The purpose of the present study is to compare the cost-effectiveness of a brief CBT-based Fatigue Self-Management (FSM) intervention and usual care (UC) conditions in a sample of primary care patients with chronic fatigue.


Chronic fatigue self-management study

The Chronic Fatigue Self-Management Study is a randomized controlled trial involving 111 primary care patients with chronic fatigue in New York between 2009 and 2011. Details of the study and results of the primary end point were reported elsewhere [23]. While the study was powered for the primary outcome of fatigue impact on functioning, the economic evaluation was designed as a pilot and feasibility study. All patients were recruited from a family medicine/primary care practice with 14 attending physicians and 21 family practice residents. The inclusion criteria for participants were (a) between 18 and 65 years of age; (b) at least six months of persistent fatigue with no medical or psychiatric exclusions (as determined by primary care physicians and a psychiatric nurse). Exclusion criteria were: (a) Medical: fatigue due to identifiable medical conditions (such as autoimmune diseases) or to medications (such as beta blockers); (b) Psychiatric: psychosis or dementia, alcohol or substance abuse, depression with melancholic or psychotic features, and anorexia nervosa or bulimia nervosa. These Axis I psychiatric diagnoses were identified from a nurse-conducted Structured Clinical Interview for DSM-IV (SCID) [24]. The study protocol received ethical approval from the Stony Brook University Institutional Review Board (IRB) and the drafting of this manuscript adheres to the CONSORT statement [25].

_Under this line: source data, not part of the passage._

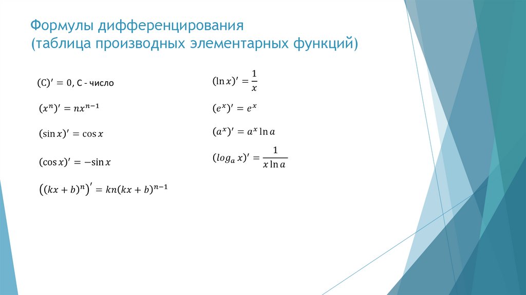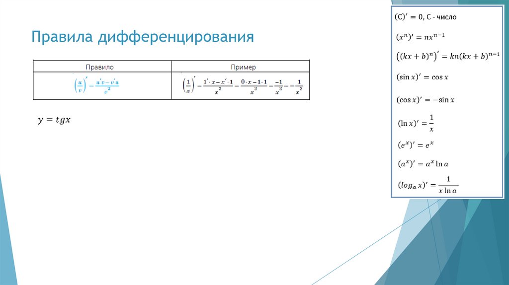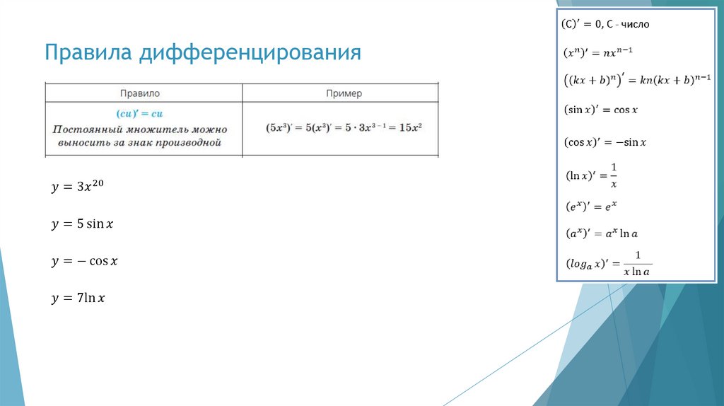 Правила дифференцирования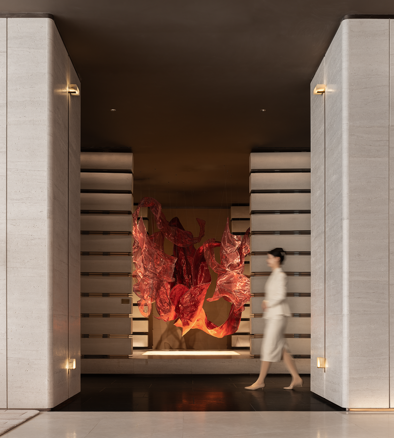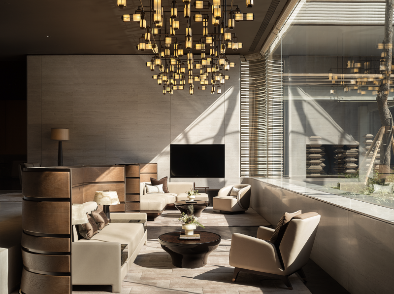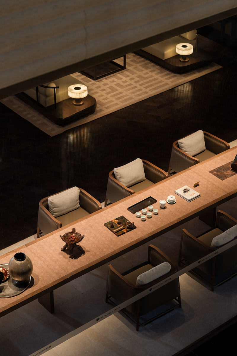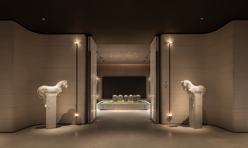 Xian Xi club draws inspiration from modern Oriental aesthetics, integrating the city’s historical richness into spatial design. It is a high-end social space with comfort and all-in-one functions. It creates community warmth with areas like sunken courtyard of nature, urban business space, wine tasting lounge, spa, boardgame space and indoor golf. It blends in culture and art. It meets both public and private needs. When clients are living here, they feel like in a five-star grand establishment. This transforms a temporary sales office into a timeless space of prestige.
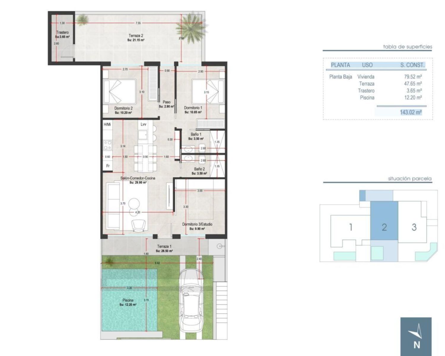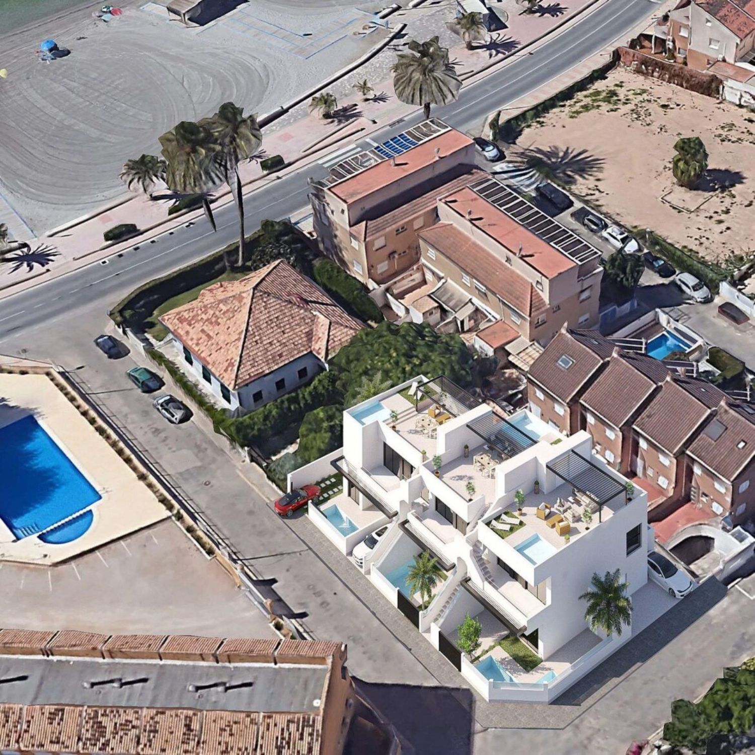 BUNGALOWS DE OBRA NUEVA EN SAN JAVIER Proyecto de obra nueva con solo 6 bungalows, 3 en planta baja y 3 en planta alta, todos con piscina privada en San Javier, a menos de 100m de la playa. Modernos bungalows de nueva construcción con 3 dormitorios y 2 baños, cocina americana con amplio salón, armarios empotrados, terraza, plaza de aparcamiento privado. Las viviendas de planta baja tendrán jardín trasero y delantero con piscina y las de planta alta tendrán solarium con piscina. San Javier está cerca de todos los servicios con fácil acceso a la playa, deportes acuáticos, tiendas y la red de transporte. Aquí se puede disfrutar de todas las instalaciones que San Javier tiene para ofrecer, como las tiendas locales, bares y restaurantes, así como estar cerca de centros comerciales, el aeropuerto de Murcia y todos los hermosos lugares que se encuentran a lo largo del Mar Menor. El aeropuerto de Corvera/Murcia está a 30 minutos y el aeropuerto de Alicante a 45 minutos.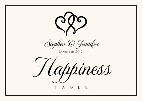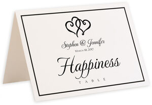 Instead of using table numbers at your wedding reception, these table names will add a little interest and variety to your tables. Each table card can be customized with your choice of table names, as well as your choice of heart illustration, borders, fonts, or colors.

After written informed consent forms and baseline assessments were obtained, patients were randomly assigned to one of three groups as follows: CBT-based FSM (n = 37), attention control (AC) (n = 38), and usual care (UC) (n = 36). A variable-sized block randomization procedure was used to minimize potential selection bias. The study statistician generated the random allocation sequence, the principal investigator conducted the initial telephone interview, and a graduate student assigned participants to interventions. Data collection staff were blinded to the group assignment and sample size was chosen to ensure adequate power to detect treatment effect on the primary outcome. Additional details of the study have been reported elsewhere [23]. The CBT-based FSM group received two individual face-to-face fatigue self-management training sessions with a nurse (for up to 60 minutes) and a 61-page self-management booklet containing material assigned and discussed in the two sessions. This protocol was adapted from an efficacious 12-session CBT program for Chronic Fatigue Syndrome (CFS) [26]. Patients in the AC group received two sessions with a nurse therapist regarding emotional support and home-based self-monitoring of symptoms, affect, and stress. The AC group was designed to control for therapist attention and homework assignments so that potential placebo effects can be isolated from the FSM treatment effect. The UC group received no treatment beyond usual medical care. All three groups were assessed at baseline and 12-month follow-up [23]. For the purpose of this study, patients in the AC group were excluded because the attention control would be dominated by the control group as it requires higher costs (due to therapists' attention) with no commensurate benefit.

Outcome measures

The primary outcome was the Fatigue Severity Scale (FSS). The FSS was designed to measure the effect of fatigue on functioning. It is comprised of nine items rated on a 7-point Likert scale, where one indicates no impairment and seven indicates severe impairment. A one-point decrease on the FSS is considered clinically significant improvement. It is a validated scale for use in CFS with high internal consistency [27] and has been shown to be sensitive to treatment change [28].

Service use and costs

Health resource use and costs were identified and valued from the societal perspective for the Reference Case analysis following the 'Panel Recommendations" [29]. Health care resource use was measured with a modified version of the Client Service Receipt Inventory (CSRI), a validated health care utilization diary [30], to record health service use as well as informal care for the 3 month period prior to baseline and on a monthly basis by trained staff via a telephone interview during the post-treatment follow-up period.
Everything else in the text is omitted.